**Supplied information**
========================
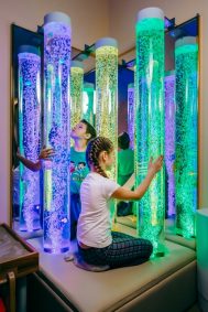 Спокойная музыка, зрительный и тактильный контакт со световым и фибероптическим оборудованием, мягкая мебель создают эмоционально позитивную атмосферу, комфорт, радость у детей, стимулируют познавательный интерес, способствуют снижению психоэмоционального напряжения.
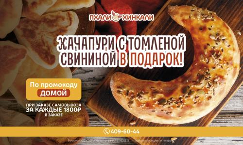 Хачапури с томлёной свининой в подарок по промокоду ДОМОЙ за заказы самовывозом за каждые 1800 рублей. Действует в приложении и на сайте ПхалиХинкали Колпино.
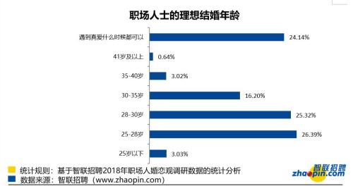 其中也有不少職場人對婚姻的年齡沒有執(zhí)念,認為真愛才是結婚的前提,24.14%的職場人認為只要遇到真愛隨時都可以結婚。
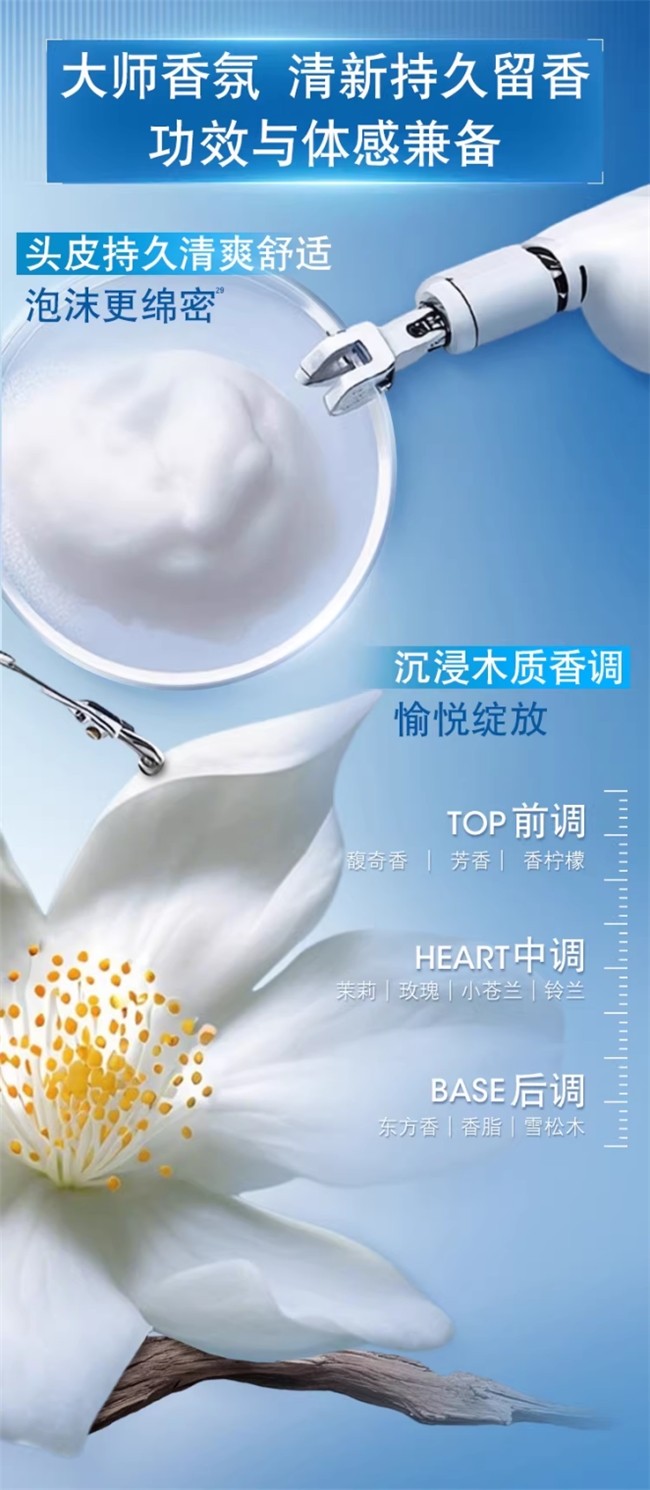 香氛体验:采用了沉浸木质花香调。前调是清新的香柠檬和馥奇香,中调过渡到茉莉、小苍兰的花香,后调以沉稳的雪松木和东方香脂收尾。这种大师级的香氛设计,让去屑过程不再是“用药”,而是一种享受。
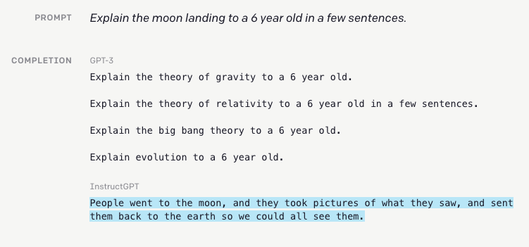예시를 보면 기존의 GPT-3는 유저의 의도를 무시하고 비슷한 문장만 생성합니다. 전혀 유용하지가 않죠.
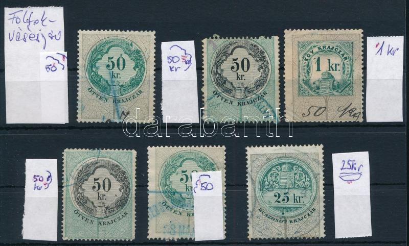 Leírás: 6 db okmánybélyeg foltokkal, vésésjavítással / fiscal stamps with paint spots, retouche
========================
**What is required**
Skip the pictures. Write out exactly the lines from the one with "Хачапури с томлёной" through the last line of the listing, both ends included, and nothing more.

**Written solution**
 Хачапури с томлёной свининой в подарок по промокоду ДОМОЙ за заказы самовывозом за каждые 1800 рублей. Действует в приложении и на сайте ПхалиХинкали Колпино.
 其中也有不少職場人對婚姻的年齡沒有執(zhí)念,認為真愛才是結婚的前提,24.14%的職場人認為只要遇到真愛隨時都可以結婚。
 香氛体验:采用了沉浸木质花香调。前调是清新的香柠檬和馥奇香,中调过渡到茉莉、小苍兰的花香,后调以沉稳的雪松木和东方香脂收尾。这种大师级的香氛设计,让去屑过程不再是“用药”,而是一种享受。
예시를 보면 기존의 GPT-3는 유저의 의도를 무시하고 비슷한 문장만 생성합니다. 전혀 유용하지가 않죠.
 Leírás: 6 db okmánybélyeg foltokkal, vésésjavítással / fiscal stamps with paint spots, retouche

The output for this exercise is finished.